The Hedgehog And The Fox Debate Practice

by Don Friedman on June 29, 2017

The oldest version of the saying is from ArchilochusThe fox knows many things; the hedgehog one big thing. It shows up in Aesop and was more recently used as the based of an essay by Isaiah Berlin. If we strip away various morals that have been found in that one sentence, it is a comparison of two different ways of thinking. Some people use one overarching idea to organize their thoughts, others use different ideas depending on the context. (The morals in the ancient tales usually favored the hedgehog, whose defense by way of curling into a ball and letting his spiky back repel carnivores was seen as superior to the fox’s many tricks and stratagems. If we’re honest about it, ancient fables and newer fairy takes are full of anti-fox and anti-wolf sentiment, probably because those predators posed a real threat to rural livestock.)

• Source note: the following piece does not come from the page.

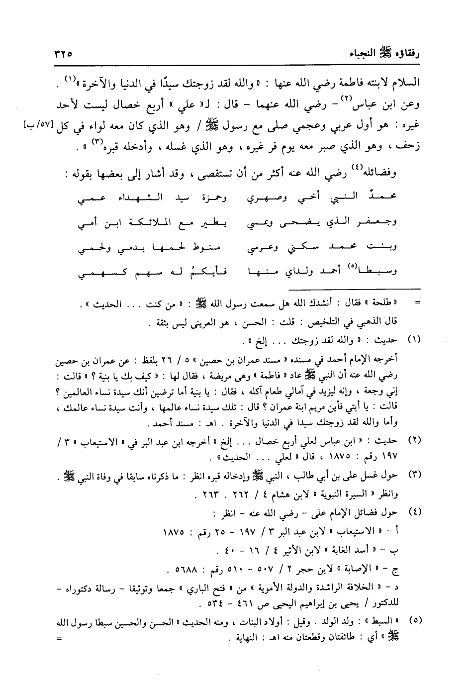 (1) حديث: «والله لقد زوجتك ... إلخ» . أخرجه الإمام أحمد في مسنده «مسند عمران بن حصين» 5/ 26 بلفظ: عن عمران بن حصين رضي الله عنه- أن النبي صلى الله عليه وسلّم عاد «فاطمة» وهى مريضة، فقال لها: «كيف بك يا بنية؟» قالت: إني وجعة، وإنه ليزيد في آمالي طعام آكله، فقال: يا بنية أما ترضين أنك سيدة نساء العالمين؟ قالت: يا أبتي فأين مريم ابنة عمران؟ قال: تلك سيدة نساء عالمها، وأنت سيدة نساء عالمك، وأما والله لقد زوجتك سيدا في الدنيا والاخرة. اه: مسند أحمد.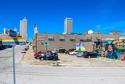 East Village comprises 115 acres bordered by East 2nd and East 7th Streets, Detroit Avenue and Lansing Avenue, just inside the inner-dispersal loop.[11] This area boasts an upscale martini bar, a hair salon, a pet day care, photography studios, lofts, a knitting room and living arts district, among others. The cornerstone of this neighborhood is the fifth largest LGBT community center in the United States, the Dennis R. Neill Equality Center, owned and operated by Oklahomans for Equality/OkEq (formerly Tulsa Oklahomans for Human Rights/TOHR), with further development being planned for more restaurants, residential lofts and retail.[12] Oklahomans for Equality has hosted Tulsa Pride on the first weekend of June each year since 1982.

Old Structures might seem at first glance to be a hedgehog practice. Of the 400 or so buildings we worked on in 2016, one was new. The rest of the buildings were existing, and almost all of them were built before 1950. There’s an obvious consistency there. I’d argue that’s the context for the real issue, which is how we approach our work. We work with, in no particular order, steel, cast iron, wrought iron, reinforced concrete, mass concrete, brick, ashlar stone, rubble stone, terra cotta, concrete block, cast stone, wood, artificial wood, glass, and aluminum. We do pre-purchase conditions assessments, post-collapse forensic assessments, and assessments for a dozen other reasons; we design repairs, replacements, and removals; we design any kind of alteration you can name. We may have our preferences – it’s no secret that I believe that altering and reusing a building is better than replacing it – but there’s a wide spectrum of options that we can and have used.

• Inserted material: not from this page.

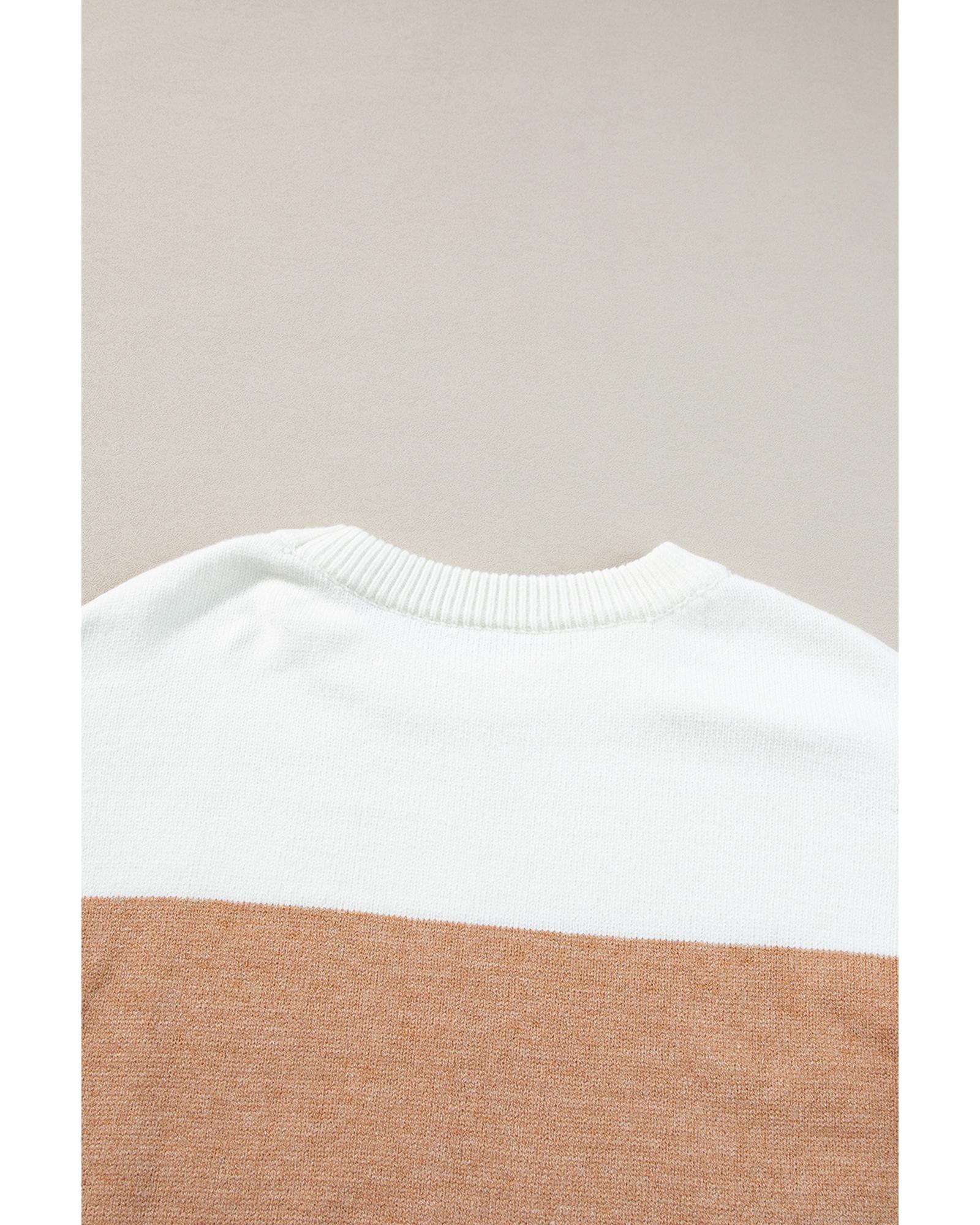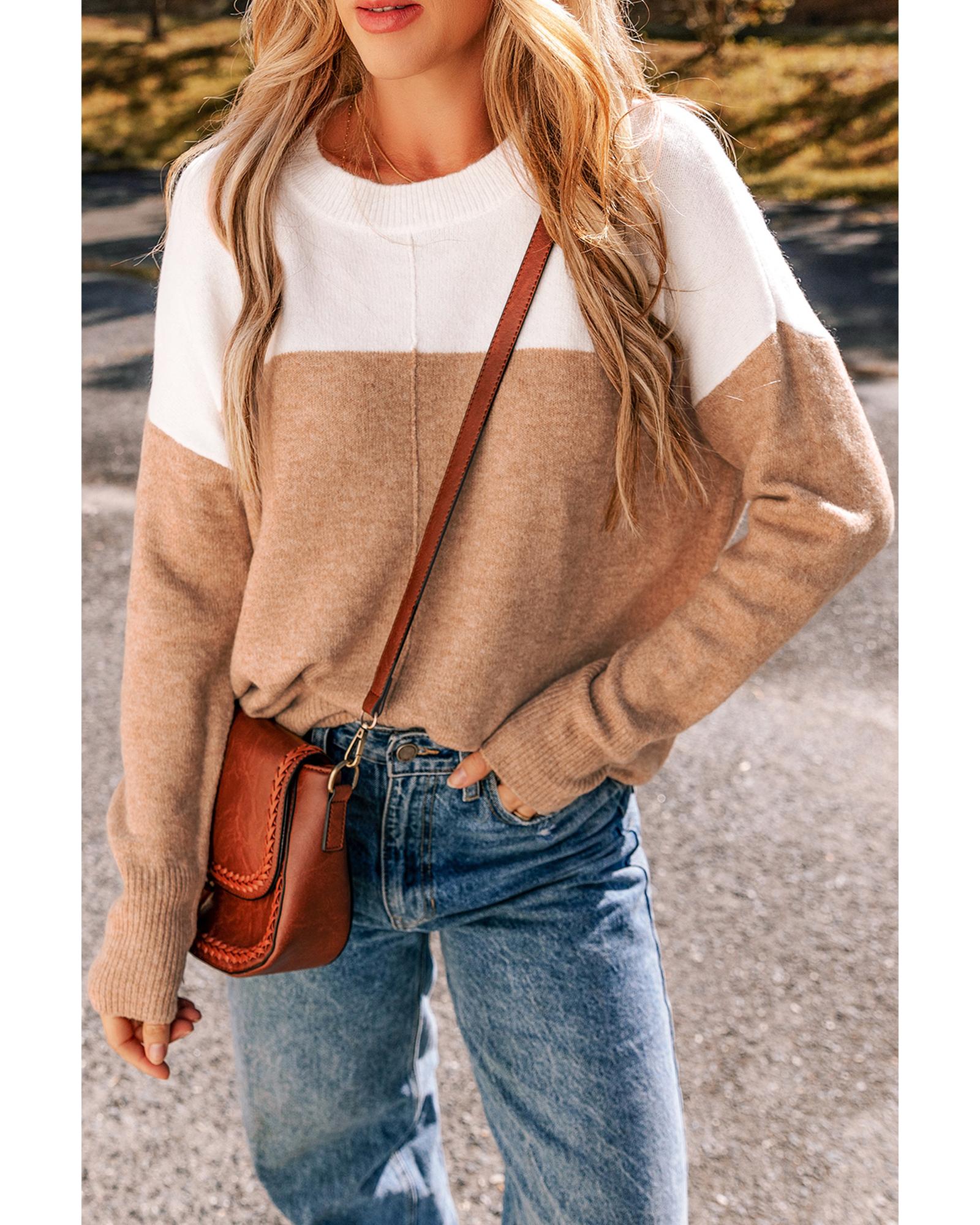 This sweater features a stylish colorblock design with a round neckline and ribbed trim, offering a cozy and high-quality feel. Its soft fabric makes it ideal for cold seasons, combining comfort with a trendy fitted look.

Most importantly, the wide range of building types, materials, structural systems, existing conditions, owners, and future plans that we encounter means that it’s not possible for us to treat every project the same way. Everything we do is contingent on the context of the particular project, which means we have to use multiple strategies for different instances of the same problems. That seems pretty fox-like to me. Even more fox-like is the fact that we do so – we’ve adopted a contextual approach – not because we have an overarching theory of how conservation engineering is supposed to work, but because it’s what works for us.